WORK ORDER - Write the listing out again word for word, skipping each picture.

INFORMATION SUPPLIED -
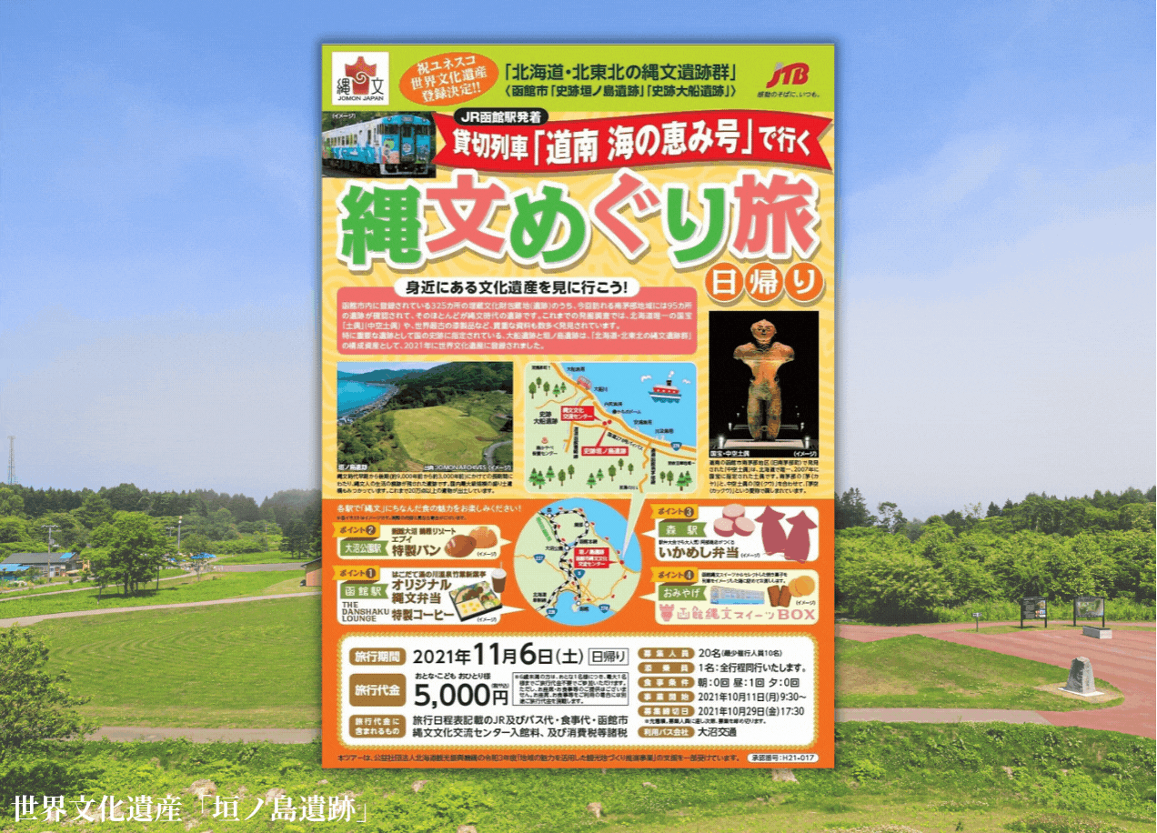 函館スイーツ推進協議会は、函館縄文スイーツ・プロジェクトの一環として、株式会社JTB北海道事業部との共同企画により、縄文にちなんだグルメやスイーツなどを堪能しながら、函館市に所在する世界遺産「垣ノ島(かきのしま)遺跡」などを訪れて縄文ワールドに浸る日帰り周遊ツアー「貸切列車『道南 海の恵み号』で行く縄文めぐり旅」を、2021年11月6日(土)に催行いたします。
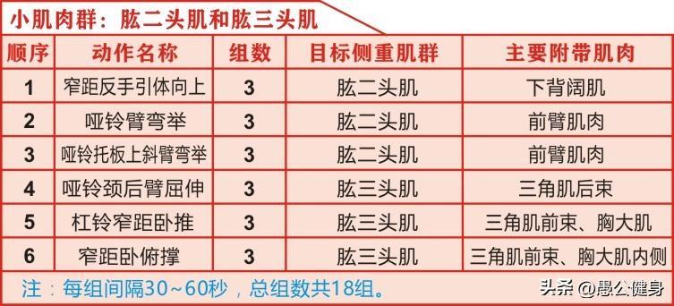 而小肌羣,如肱二頭肌、肱三頭肌和肩部肌肉等。可以每週進行3次訓練。其它肌羣,包括腹肌、核心肌羣等,同樣建議每週可進行2到3次的訓練,以提升運動表現和姿勢控制。這些小肌肉羣在兩次訓練之間應至少要有經過一天的休息間隔時間。
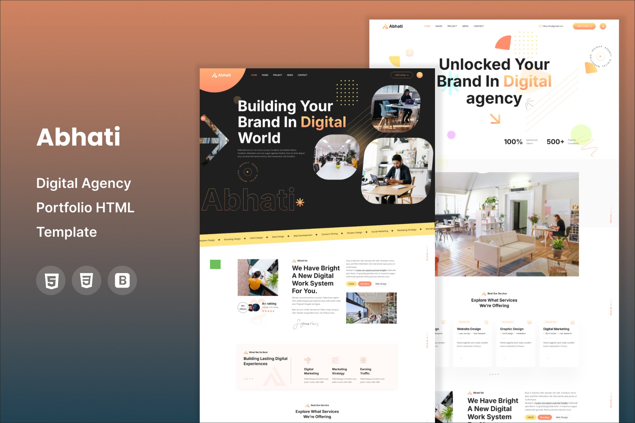 Experience the ultimate versatility and efficacy with Abhati, the multipurpose Digital Services Agency HTML Template. Tailored for companies specializing in web design, development, internet services, and digital marketing, Abhati provides a comprehensive platform for all your internet marketing needs. With a sleek and modern design, seamless functionality, and robust features, Abhati is the perfect solution for businesses looking to establish a strong online presence. Elevate your agency’s digital capabilities with Abhati and unlock endless possibilities for growth and success.
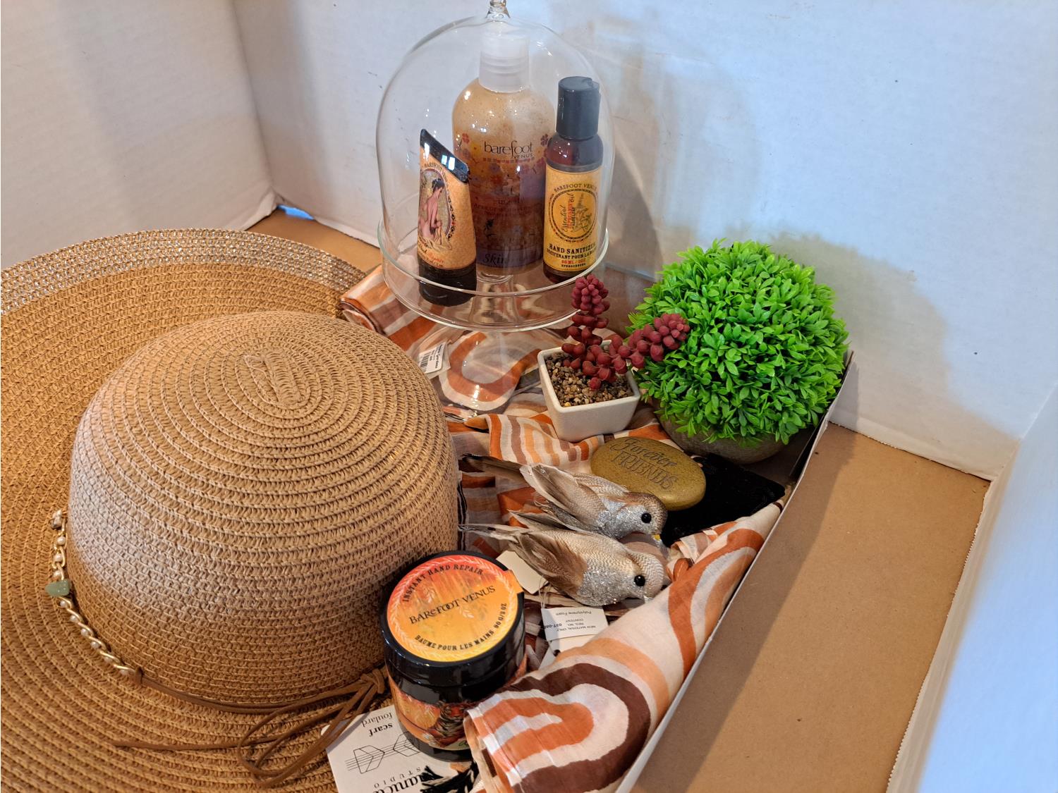 barefoot, decor, hat, glass stand

EXERCISE ANSWER -
 函館スイーツ推進協議会は、函館縄文スイーツ・プロジェクトの一環として、株式会社JTB北海道事業部との共同企画により、縄文にちなんだグルメやスイーツなどを堪能しながら、函館市に所在する世界遺産「垣ノ島(かきのしま)遺跡」などを訪れて縄文ワールドに浸る日帰り周遊ツアー「貸切列車『道南 海の恵み号』で行く縄文めぐり旅」を、2021年11月6日(土)に催行いたします。
 而小肌羣,如肱二頭肌、肱三頭肌和肩部肌肉等。可以每週進行3次訓練。其它肌羣,包括腹肌、核心肌羣等,同樣建議每週可進行2到3次的訓練,以提升運動表現和姿勢控制。這些小肌肉羣在兩次訓練之間應至少要有經過一天的休息間隔時間。
 Experience the ultimate versatility and efficacy with Abhati, the multipurpose Digital Services Agency HTML Template. Tailored for companies specializing in web design, development, internet services, and digital marketing, Abhati provides a comprehensive platform for all your internet marketing needs. With a sleek and modern design, seamless functionality, and robust features, Abhati is the perfect solution for businesses looking to establish a strong online presence. Elevate your agency’s digital capabilities with Abhati and unlock endless possibilities for growth and success.
 barefoot, decor, hat, glass stand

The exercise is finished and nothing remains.